Rules play a huge role in managing processes. Rules keep the trains running on time.

Rules remove doubt and remove fear.

Asking people to be innovative when their “normal” work is the antithesis of that is scary. Which is why innovation requires rules.

Most of your employees are skilled at keeping schedules and supporting the day-to-day work of the company. They have procedures and historical knowledge that informs and supports every decision they make each day. But when you step into the innovation world it gets a bit fuzzier. Your people are NOT skilled at innovation and that creates fear and uncertainty. You need to remove that fear and uncertainty. You can’t just set up a brainstorming session and expect the result to be innovative.

You need to give your people the rules and the “values” of innovation.

You need to makes sure they know…

  • Innovation is iterative. It’s not about getting the answer right the first time (unlike their normal job – employees assume you want them to be right every time.)
  • Innovation is a team sport. You’re not judging individuals (unlike their normal job – most companies still see performance as zero-sum activities.)
  • Innovation isn’t always about HUGE change. Sometimes a very small change can have huge impact. Set expectations around impact and movement not size (unlike their normal job where they see big ideas getting rewarded and little changes ignored.)

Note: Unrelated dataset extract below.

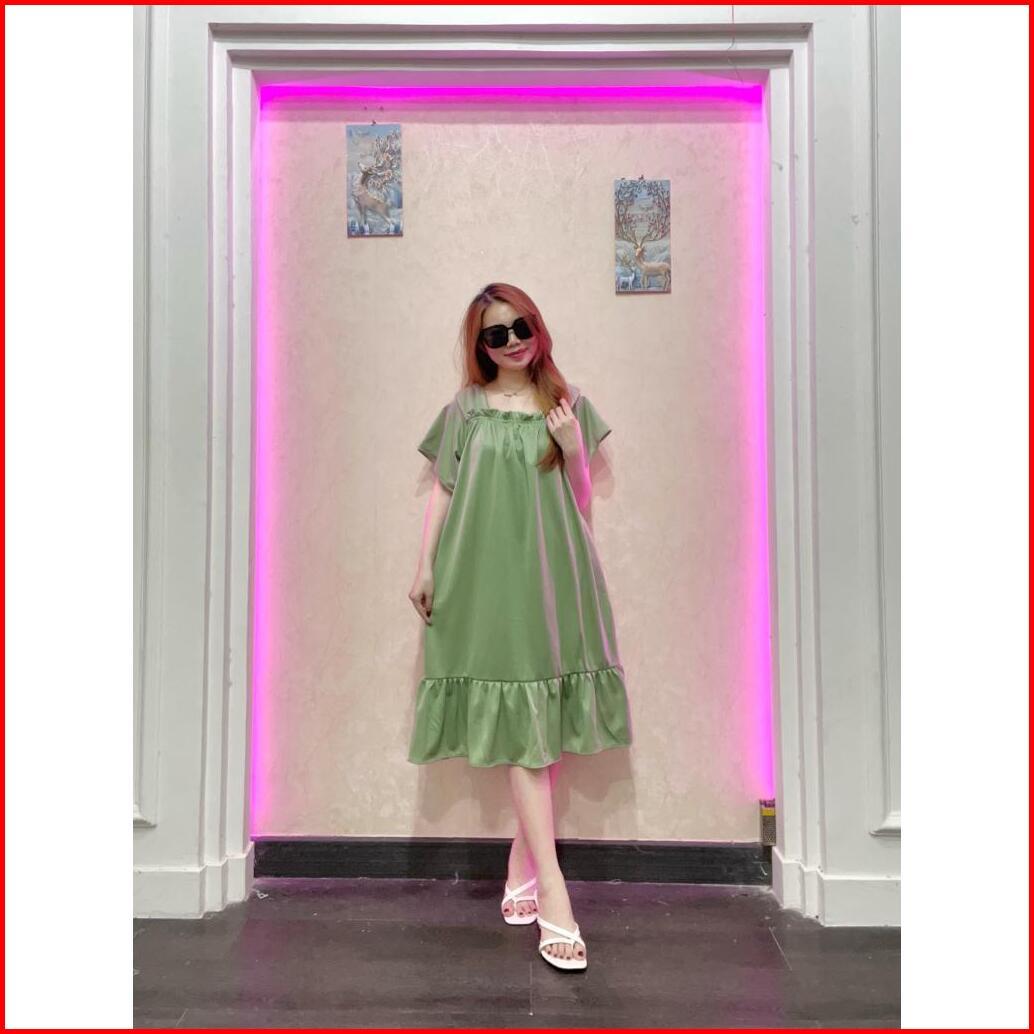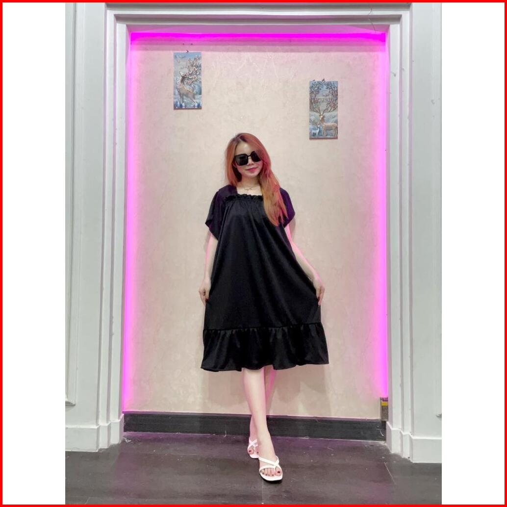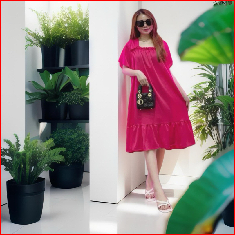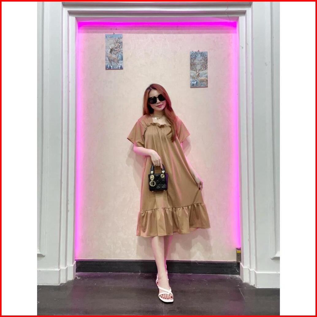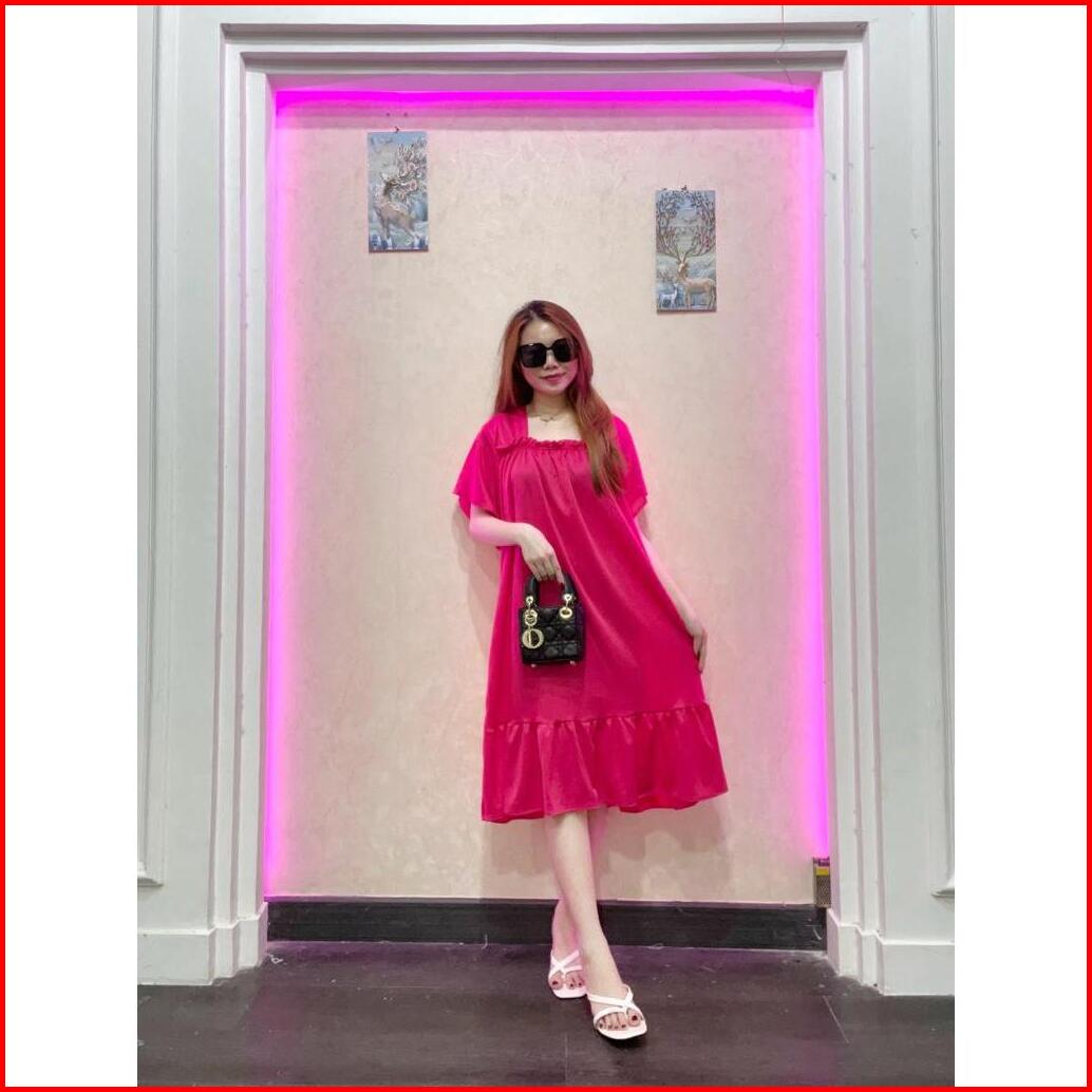 Rd Fashion - Daster Laura Daster Fuji Pendek Cringkle Airflow Polos Bawah Remple Kerut Dada

Like our 13-year-old guest… the lack of rules meant he had to evaluate every decision he made each day without the skills and understanding needed to make those decisions. Because we had “rules” for our house, we removed the fear and anxiety of doing something wrong.  Having rules meant he could do what he was supposed to do… be 13. He didn’t have to be 30.

Your teams must be similarly prepared.

Don’t take a team trained, designed and comfortable with keeping the trains running on time and ask them to find a new form of transportation without giving them rules. They will be afraid. They will fail.

Give them rules for innovation – even little ones. It will help.

BTW – our young guest got his GED, works full-time in a plant and recently got married. He’s contributing and being what he is supposed to be. I’m not sure he’d be there if there weren’t some rules to help him along the way.

FOT Background Check

Paul Hebert
Paul Hebert is the Senior Director of Solutions Architecture at Creative Group Inc and a writer, speaker and consultant. Paul focuses on influencing behaviors and driving business results through employees, channel partners and consumers. Over the course of his career, Paul has worked closely with clients to design influence, marketing, motivation, incentive, loyalty, recognition and reward programs to increase effectiveness and reduce costs. Paul is a recognized authority on incentives and performance motivation. Want to know what’s going to motivate your people to perform at their best and impact the bottom line? Want to know whether your service award program really means anything at all? Curious what psychological principles drive sales behavior? Paul’s your guy… unless you fervently bow down to Maslow. Check out his personal blog at "What Is Paul Thinking?" when you're tired of his FOT rants.


  1. KD says:

    Paul – great post, how long did you have him in your house?

    Thanks – KD

  2. Stacey Rembert says:

    I love this story. Thank you Paul. “It takes a village” If you can save 1 kid, you have accomplished great Favors to be delivered in blessings upon blessings.

  3. I couldn’t agree more. The lack of rules leads to making a number of everyday choices that may hinder the bandwidth we use for innovation. It’s also probably why innovation thrives under constraints 🙂

    • Paul Hebert says:

      Constraints for innovation are helpful to focus and help eliminate the “average” solution. Rules for helping your people feel comfortable sharing and experimenting are more about reducing fear. That is usually the problem with innovation. Fear of failing and then being singled out as a not performing. Thanks for reading and adding an important point on innovation.